What if fifteen years ago someone had suggested a nationwide network of gigantic bookshops, carrying about 150,000 titles each, staying open until 11:00 P.M. or midnight, and offering caf├ęs, comfortable chairs, and public restrooms? And what if these sumptuous emporia were to be found not only in the great urban centers but also in small cities and suburbs all across the country—places like Plano, Texas; Knoxville, Tennessee; and Mesa, Arizona? Wouldn't we have thought that sounded like pure, if unattainable, heaven? Well, that is what the superstore chains—Barnes & Noble; Borders; and Books-A-Million, based in Birmingham, Alabama—have brought us. Why, then, the chorus of disapproval from the cultural elite? Why the characterization, spread by a vocal group of critics, of the chain bookstores as a sort of intellectual McDonald's, a symbol of the dumbing-down and standardization of American life?

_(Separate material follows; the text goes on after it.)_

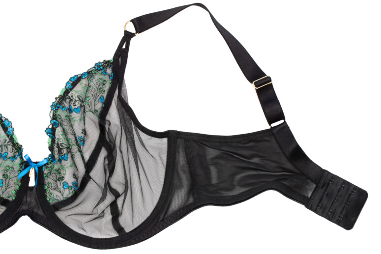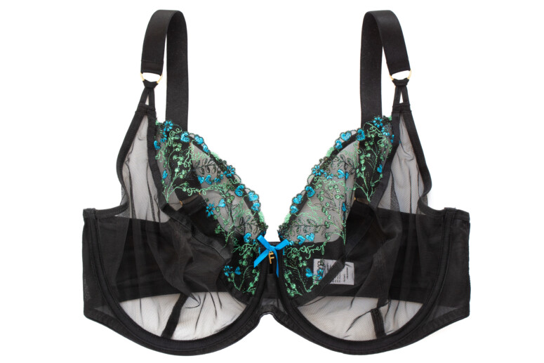 Co tu dużo mówić – mgiełczak klasyk, z tych, które kochamy od lat. Jedna warstwa tiulu przez całą miskę, i to w pełnym zakresie rozmiarowym (kiedyś ta przejrzystość sięgała tylko do brytyjskiego G, pamiętacie? Teraz do H, co z grubsza odpowiada polskiemu J-K). Haft ma dziewczęco-słodką, trochę tatuażową estetykę – niebieskie i zielone serduszka i kwiatki plus czarne kontury, a w to wszystko wplecione zielone napisy Freya (dlatego łatwo zgadnąć markę, widząc jedynie haft – może przez to wzbudził we mnie taki sentyment? ?).

She ascribes the opposition to the superstores as being born in snobbery and ignorance, and I think that she makes a good case. To be honest, I don't know how deep the opposition was in 2001; that is, I'm not sure if she created a strawman out of the movie You've Got Mail and a few angry comments in industry publications. Regardless, she effectively makes the case that the book superstores have been a force for good in the United States. The superstores don't just promote bestsellers -- most of the shelf space, including most of the displays, goes to the midlist titles that form the backbone of "serious" books offered for sale. The selection at an average book superstore is as good or better than even the best independent bookstores. The employees, on average, are no more likely to be "you want fries with that?" drones than they are in independent stores. And they exist in places less sophisticated than Manhattan and San Francisco.

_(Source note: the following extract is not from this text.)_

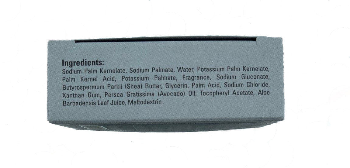 Ingredients: Sodium Palm Kernelate, Sodium Palmate, Water, Potassium, Palm Kernelate, Palm Kernel Acid, Fragrance, Potassium Palmate, Glycerin, Sodium Gluconate, Butyrospermum Parkii (Shea) Butter, Palm Acid, Sodium Chloride, Xanthan Gum, Persea Gretissima (Alvocade) Oil, Tocopheryl Acetate (Vitamin E), Aloe Barbadensis Leaf Juice, Maltodextrin,

What has changed in the six and a half years since this article was published? Well, there are more superstores now than there were then, and the older superstores have begun to show their age. I suspect that Amazon and its online competitors have made life increasingly difficult for Barnes & Noble and Borders -- the discounts mentioned in the article have been gone for years. But the ones that I go to are still packed at all hours of the day, and not just with college students studying in the coffee shop (although that wouldn't be terrible, given the margins on coffee drinks). They have been and are a godsend to me, and I believe that they have been a positive force in American society.